§ Material supplied:
========

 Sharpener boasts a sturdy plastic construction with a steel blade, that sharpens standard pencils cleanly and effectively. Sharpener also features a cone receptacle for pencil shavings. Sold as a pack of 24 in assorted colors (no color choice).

========

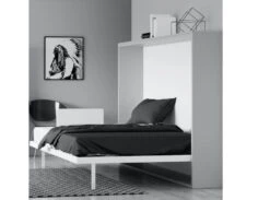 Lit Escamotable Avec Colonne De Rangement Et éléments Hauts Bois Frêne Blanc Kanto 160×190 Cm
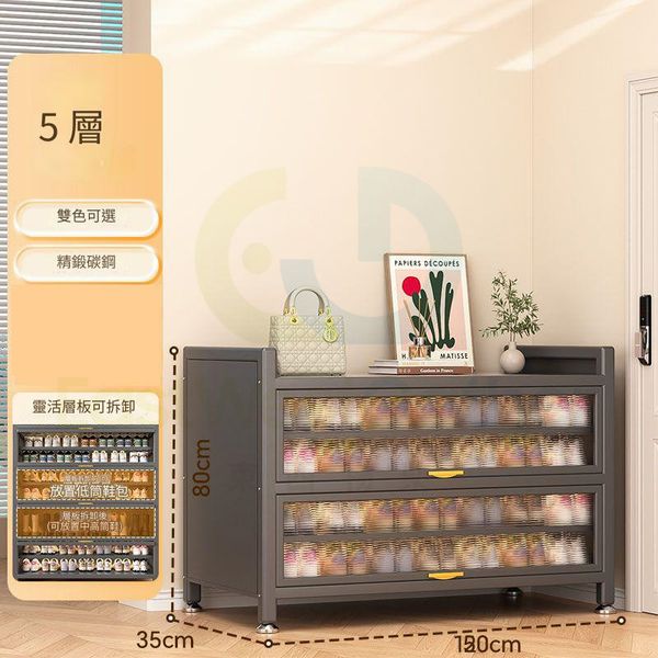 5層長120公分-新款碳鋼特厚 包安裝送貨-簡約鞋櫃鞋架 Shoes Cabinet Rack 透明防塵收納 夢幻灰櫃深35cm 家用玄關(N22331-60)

========

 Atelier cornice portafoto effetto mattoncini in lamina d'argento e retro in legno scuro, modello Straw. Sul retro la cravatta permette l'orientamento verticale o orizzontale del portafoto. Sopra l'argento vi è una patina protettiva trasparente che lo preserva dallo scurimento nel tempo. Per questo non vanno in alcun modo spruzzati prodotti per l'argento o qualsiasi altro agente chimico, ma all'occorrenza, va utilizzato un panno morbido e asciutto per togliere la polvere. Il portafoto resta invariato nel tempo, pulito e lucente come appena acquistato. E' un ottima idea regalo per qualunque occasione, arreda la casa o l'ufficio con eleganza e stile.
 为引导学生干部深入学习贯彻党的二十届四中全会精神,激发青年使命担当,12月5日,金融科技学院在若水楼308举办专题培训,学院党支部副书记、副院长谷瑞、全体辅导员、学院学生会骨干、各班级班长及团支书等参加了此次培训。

========

§ Work request:
Of the lines above, quote exactly those from the one with "Lit Escamotable Avec" through the one with "5層長120公分-新款碳鋼特厚 包安裝送貨-簡約鞋櫃鞋架 Shoes", ends included; pictures stay out.

§ Exercise result:
 Lit Escamotable Avec Colonne De Rangement Et éléments Hauts Bois Frêne Blanc Kanto 160×190 Cm
 5層長120公分-新款碳鋼特厚 包安裝送貨-簡約鞋櫃鞋架 Shoes Cabinet Rack 透明防塵收納 夢幻灰櫃深35cm 家用玄關(N22331-60)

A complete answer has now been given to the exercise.